Some people think the government should promote traditional values in our society. Others think the government should not favor any particular set of values. Which comes closer to your own view?
A libertarian, someone who believes that the government is best when it governs least, would typically choose the first view in the first question and the second view in the second.
As of June 2014, the libertarian index was at an all-time high.

The bad news is that many people are unwilling to trust politicians of any stripe to wipe away all government set aides.  They suspect that their little piece of the rock will be chipped away while that of others who are more connected will hold onto theirs.  I can’t say that I blame them or that their fears are unfounded. 
Do not expect Americans to vote en masse for a party that will not vow to protect their narrow interests while possibly letting the other guys slip by.  David Stockman’s classic saga The Triumph of Politics recounts how the ostensibly ant-government Reagan administration was undone by infighting and turf wars to protect well-heeled interest groups.

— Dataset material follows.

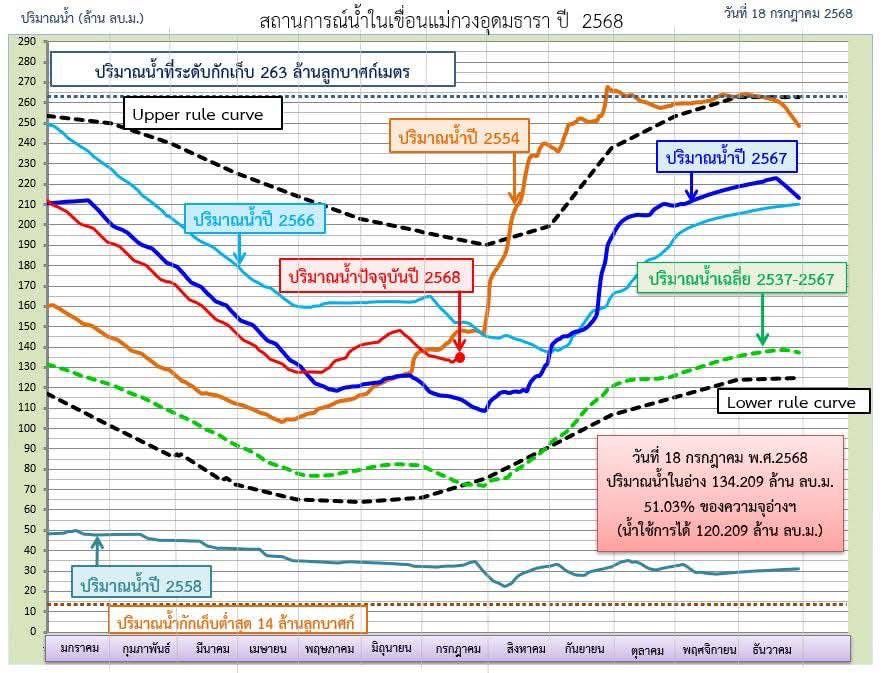 สำหรับสถานกการณ์น้ำในอ่างเก็บน้ำเขื่อนแม่กวงอุดมธารา นายเฉลิมเกียรติ อินทกนก ผคบ.แม่กวงฯ เปิดเผยว่า ปริมาณน้ำในเขื่อนแม่กวงฯ ยังอยู่ในเกณฑ์การบริหารจัดการน้ำในช่วงเวลาที่กำหนด (ช่วงเดือน ก.ค.) โดยให้มีปริมาณน้ำในอ่างไม่เกิน 193 ล้าน ลบ.ม. (ณ ปัจจุบัน ตาม URC) และ ณ วันที่ 1 พ.ย. ซึ่งสิ้นสุดฤดูฝนต้องไม่เกิน 250 ล้าน ลบ.ม.(95% ของความจุอ่างที่ 263 ล้าน ลบ.ม.) ขณะนี้ปริมาณน้ำในเขื่อนแม่กวงฯ มีปริมาณน้ำกักเก็บอยู่ที่ 133.705 ล้าน ลบ.ม. คิดเป็น 50.84% ของความจุ

So do we despair?  No.  Let’s take heart from the track record of the socialists and Marxists.  While theses “fringe” parties never enjoyed significant electoral success in America, they did manage to implement almost their entire agenda over the course of decades.
 Instead freedom lovers must defeat the system issue by issue.  We are winning on school choice, pot, government snooping and the right to bear arms.  The Tenth Amendment Center reports on nullification victories every day.  Traditionally “pro-business” Republicans are awakening to the evils of crony capitalism and out of control central bankers.  Despite the fact the Obamacare is the law of the land, no one really seems to like it.  It has become the poster child for government overreach.  Bitcoin promises to make Ron Paul’s vision of competitive currency a reality.
So libertarians, keep on fighting your electoral battles as I have done twice.  Use your soapbox to spread the gospel of liberty and give voters a real choice.  But do not expect to harvest the fruits of your labor on Election Day.  That will come law by law, statute by statute and state by state.

*An elected off in Delaware if you can believe it.  Also a nice way to reward Party toadies.